The US administration's desperation to obtain Russian and Chinese support for
the US aim is indicated by the fact that Bush made a personal call to Russian
President Vladimir Putin on May 30, according to a June 1 Los Angeles Times
report.
Bush was unable to sway the Russian leader. As reported by RIA (Russian
Information Agency) Novosti on Thursday, Lavrov said Russia would back UN
Security Council "measures" against Iran only if "Iran starts to act in
contradiction to its obligations under the [nuclear] Non-Proliferation Treaty"
(NPT).
Iran's enrichment program itself does not constitute a violation of the NPT,
much to the dismay of the United States, which has proposed changes to the
treaty that would outlaw such activities.

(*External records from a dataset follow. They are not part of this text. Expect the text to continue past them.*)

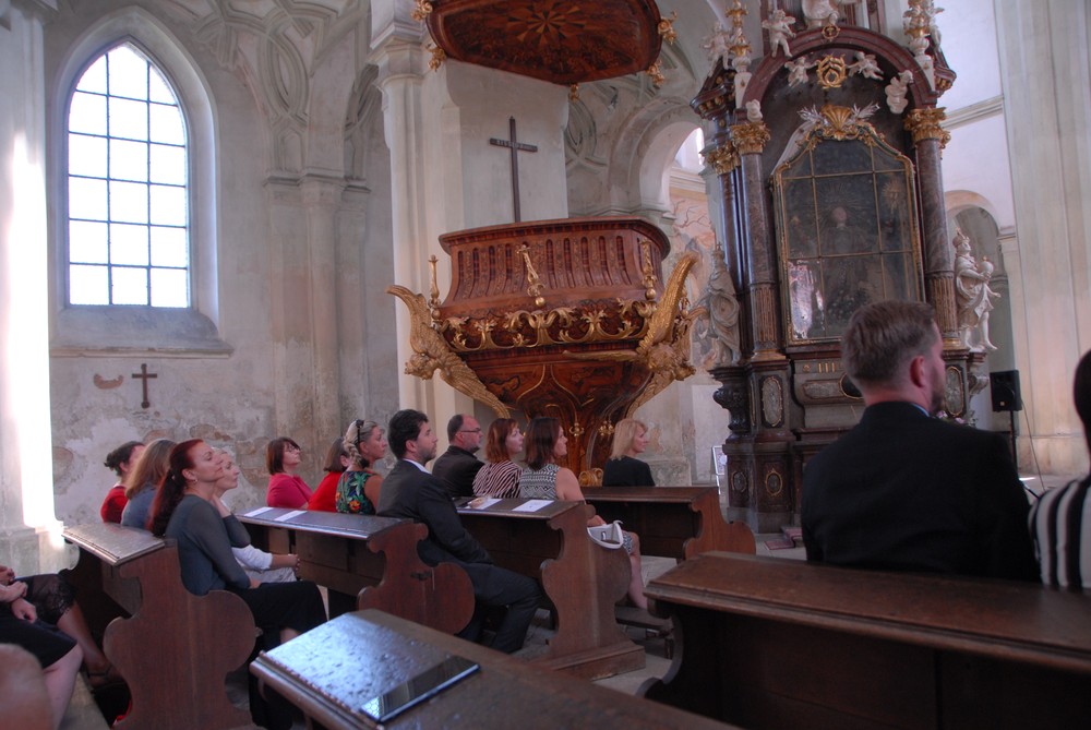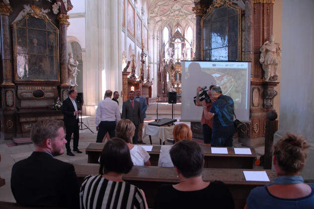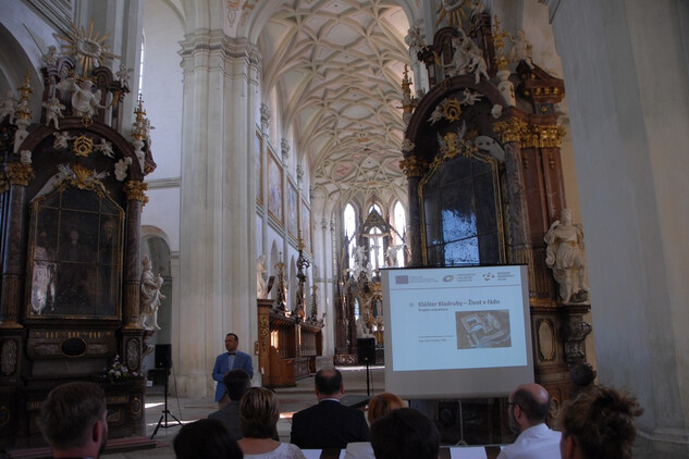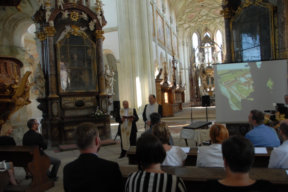 Slavnostní zahájení stavební části projektu v klášterním kostele Nanebevzetí Panny Marie.
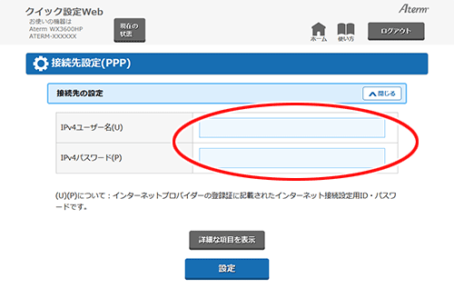 PPPoEルータモードでインターネットに接続するためには、クイック設定Webで設定をする必要があります。
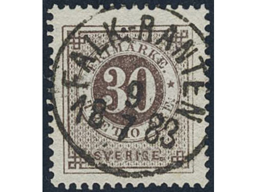Sweden. Facit 35b2 used, 30 öre black-brown on hard white paper. EXCELLENT cancellation FALK.-RANTEN 9.7.1883. Show less

At her May 31 press conference, when asked whether she had agreement from
Russia and China for UN sanctions, Rice ducked the issue, saying, "I think
there is substantial agreement and understanding that Iran now faces a clear
choice."
The defeat of the Bush administration's plan for getting major-power support
for the threat of potential military action does not mean the administration is
incapable of going to war. But it makes the possibility of military action
increasingly difficult, adding another dimension to Rice's refrain that "Iran
is not Iraq".
Gareth Porter is a historian and national-security policy analyst. His
latest book Perils of Dominance: Imbalance of Power and the Road to War
in Vietnam was published in June 2005.